You can observe the same with cheese. Unopened packages of block cheese will often last well past the expiration date. Once opened, they will get start to dry out and get moldy within a week.
 
Cut the dose down by half, and see if it makes a difference. If that doesn't make any appreciable difference, cut it in half again. Repeat until there is an appreciable difference, then return to the the previous quantity.
This was recommended by the lecturer in my surface chemistry class when were in the portion of class dealing with soaps and detergents. He had industrial experience working in a consumer products soap and detergent plant, and was shaking his head when he was talking about how those recommended quantities were developed.
 
There's more of gravy than grave about you, whatever you are!" - Scrooge, referring to Marley's ghost which he believes is a hallucination from food poisoning
Charles Dickens

images.jpg
 
I suspect the main purpose of expiration dates is to take the company off the hook after a reasonable period following sale of the item.

-- Alan Cole, McLean (Fairfax County), Virginia, USA.​
 
I suspect the main purpose of expiration dates is to take the company off the hook after a reasonable period following sale of the item.

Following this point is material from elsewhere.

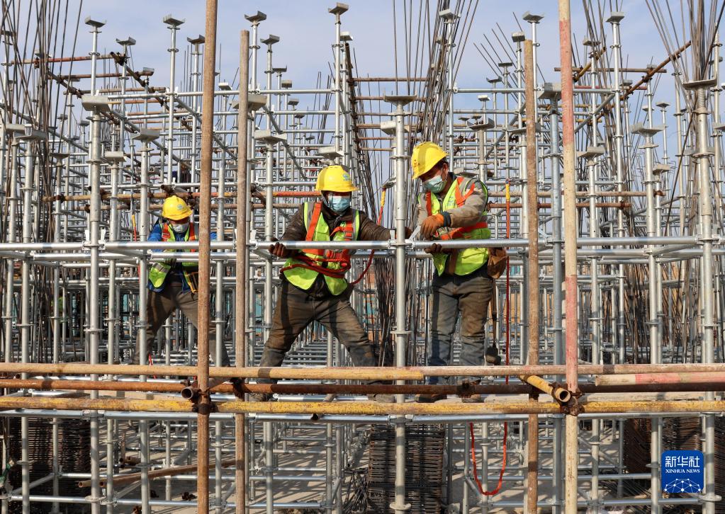 12月31日,中铁七局郑州公司的工作人员在进行支架搭设。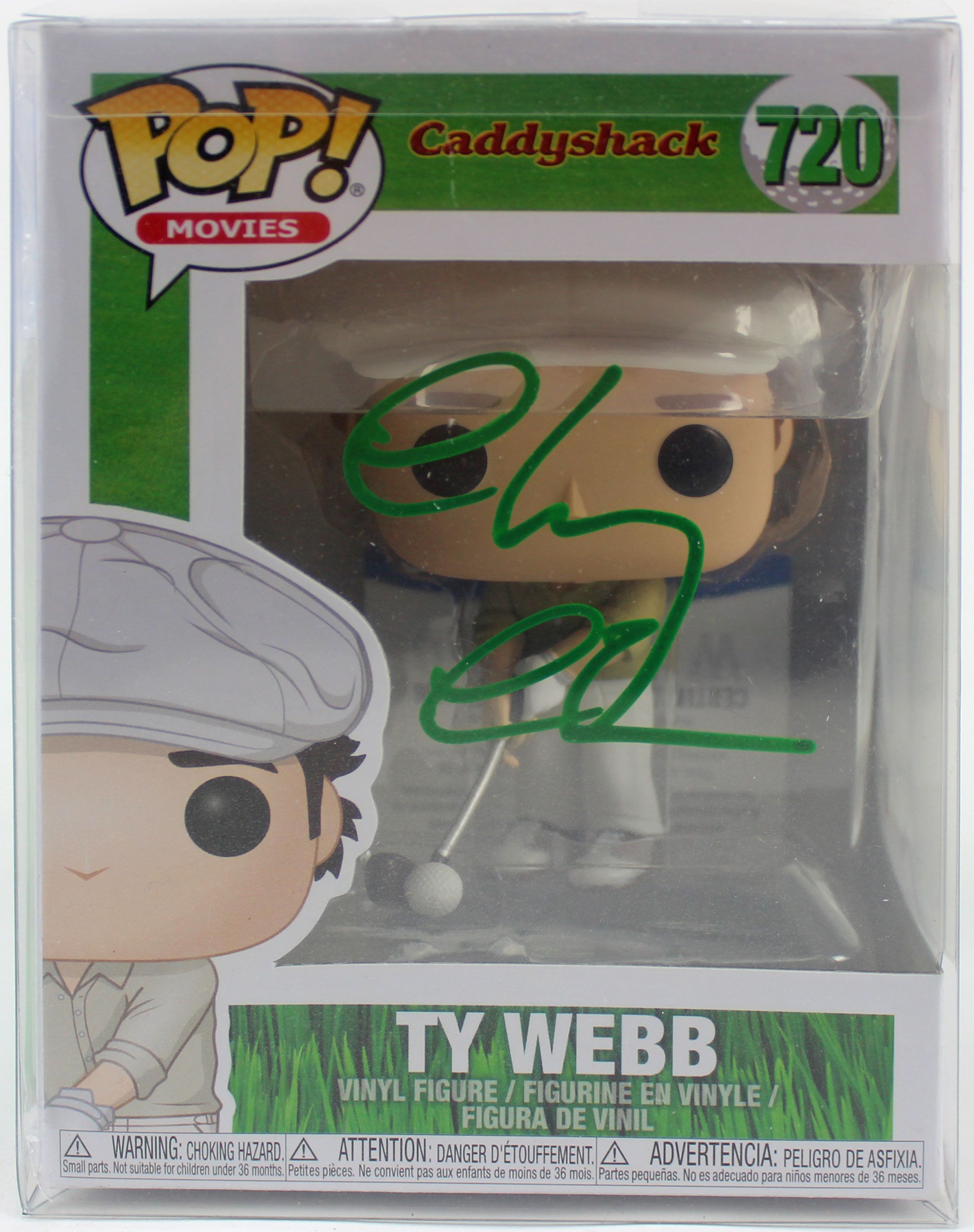 Funko Pop figure measures approximately 4" tall and has been hand-signed in green paint pen on the packaging by Chevy Chase (Ty Webb). Please see photos for details regarding condition.

In the case of milk in Hawaii, sometimes it's spoiled in the refrigerator at the store. That's what happens when food is shipped on barges and then hauled on trucks. The store clerks aren't going to temp the jugs of milk. (Hint: place the thermometer between two plastic jugs, clerks.) So occasionally my wife buys milk and it comes out of the jug with the consistency of runny cottage cheese.

I dislike US milk. I won't drink it. So this problem doesn't affect me. My wife drinks enough of it that she should star in the remake of A Clockwork Orange.
 
Pop, soda, etc., starts tasting pretty bad after the expiration date.

Yogurt, I ignore the date. Canned goods, kind of annoying that some people throw them out after they "expire." My kids are guilty of that. I told every one of our kids that canned goods don't expire and dates are new on those cans. It's just a weird thing, throwing out good food because it's supposedly expired.
 
Pop, soda, etc., starts tasting pretty bad after the expiration date.
I agree if you are talking about diet soda, but regular soda tastes fine for a long time after the expiration date, especially if it is in cans vs. plastic bottles.